Dia memenangkan pemilu pada tahun 2017 dengan hampir 99 persen suara dalam pemilihan yang dianggap oleh pengamat sebagai curang. Penangkapan dan penuntutan anggota oposisi, intimidasi aktivis, dan tuduhan bahwa banyak pemilih dipaksa memilih Tuan Kagame semuanya menunjukkan bahwa pemilihan tersebut tidak bebas atau adil, pengamat independen dan kelompok hak asasi manusia mengatakan.
Sejauh ini, dua kandidat – Frank Habineza, pemimpin partai oposisi Partai Hijau Demokrat Rwanda, dan Diane Rwigara, figur oposisi yang dicekal dari pemilu 2017 – telah mengajukan dokumen pencalonan presiden mereka ke Komisi Pemilihan Nasional, menetapkan niat mereka untuk maju. Badan tersebut dapat menerima dokumen mereka tetapi memiliki kekuatan untuk menolak atau membatalkan pencalonan mereka nanti.
Victoire Ingabire, kritikus vokal Tuan Kagame, juga menyatakan minatnya untuk maju, meskipun, pada bulan Maret, pengadilan Rwanda memblokirnya dari ikut serta dalam kontes, dengan alasan vonisnya sebelumnya atas terorisme dan penyangkalan genosida. Nyonya Ingabire dijatuhi hukuman penjara 15 tahun tetapi Tuan Kagame memperpendek masa tahanannya pada tahun 2018. Pada April, dia mengajukan kasus di Pengadilan Hak Asasi Manusia Afrika Timur menantang putusan terbaru dari pengadilan Rwanda.

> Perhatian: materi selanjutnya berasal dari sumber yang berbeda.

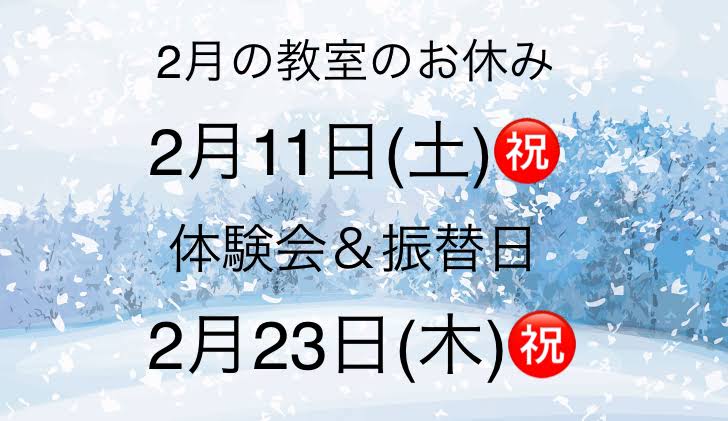 2月教室のお休み🌹2月11日㊗️土曜日 🌹2月23日㊗️木曜日無料体験会を開催❗️英会話、プログラミング、英文法の体験ができます✨ご予約お待ちしております😊 通常の時間割ではありませんので、振替出席の内部生は ...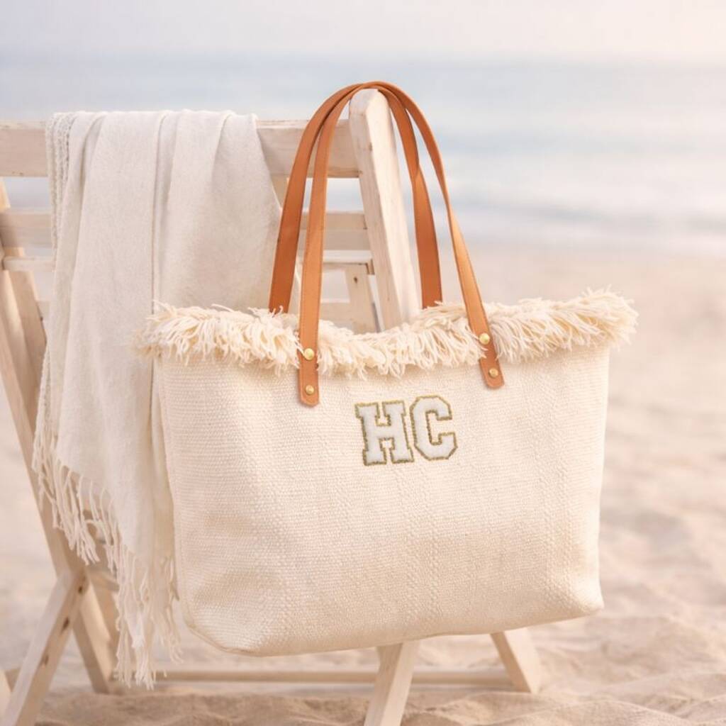 Personalised Hetty Solid Colour Straw Fringe Shoulder Tote Beach Bag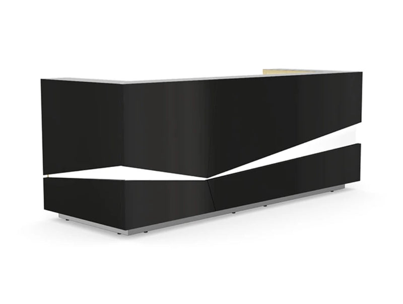 ILLUSION reception unit is the quintessence of expressive and dynamic form. A form that attracts and fascinates. The compact body is cut by two slots - one slotted horizontally, the other vertically. The gaps create visual effect of depth, additionally light comes out from behind the glass filling the gaps. The illumination is created by the RGB LED lamps. The lamps have the function of generating a wide range of colours. They can be easily controlled by a remote control. Applying different colours of finish and light, we can achieve a completely different final result- the reception can have a futuristic character or - on the contrary - refer to classic elegance.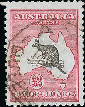 £2 black and rose, a "used" example with B.P.A. cachet "50" on reverse, fine. R.P.S. Certificate (1971). BW 55c, $7500. PhotoF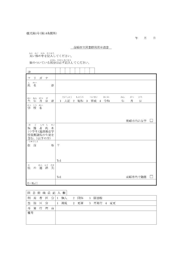 ・南砺市立図書館利用申請書(すでに利用カードをお持ちの方は不要)

Komisi pemilihan diharapkan mengumumkan daftar final kandidat presiden pada pertengahan Juni.
Komisi Pemilihan menyatakan bahwa sekitar 9,5 juta orang telah terdaftar untuk memilih dalam pemilihan presiden dan parlemen tahun ini. Hingga dua juta di antaranya adalah pemilih baru.
Pemilihan akan berlangsung selama tiga hari. Pada 14 Juli, penduduk Rwanda yang tinggal di luar negeri akan mulai memberikan suara di kedutaan dan misi diplomatik negara tersebut. Pada 15 Juli, pemilih di Rwanda akan pergi ke tempat pemungutan suara untuk memilih presiden dan 53 dari 80 kursi di DPR. Pada 16 Juli, 27 anggota sisanya, yang mencakup wakil pemuda dan penyandang cacat, akan dipilih.
Komisi Pemilihan akan mempublikasikan hasil pemilihan sementara pada 20 Juli. Mereka akan mengumumkan hasil akhir pada 27 Juli, sekitar dua minggu setelah hari pemungutan suara.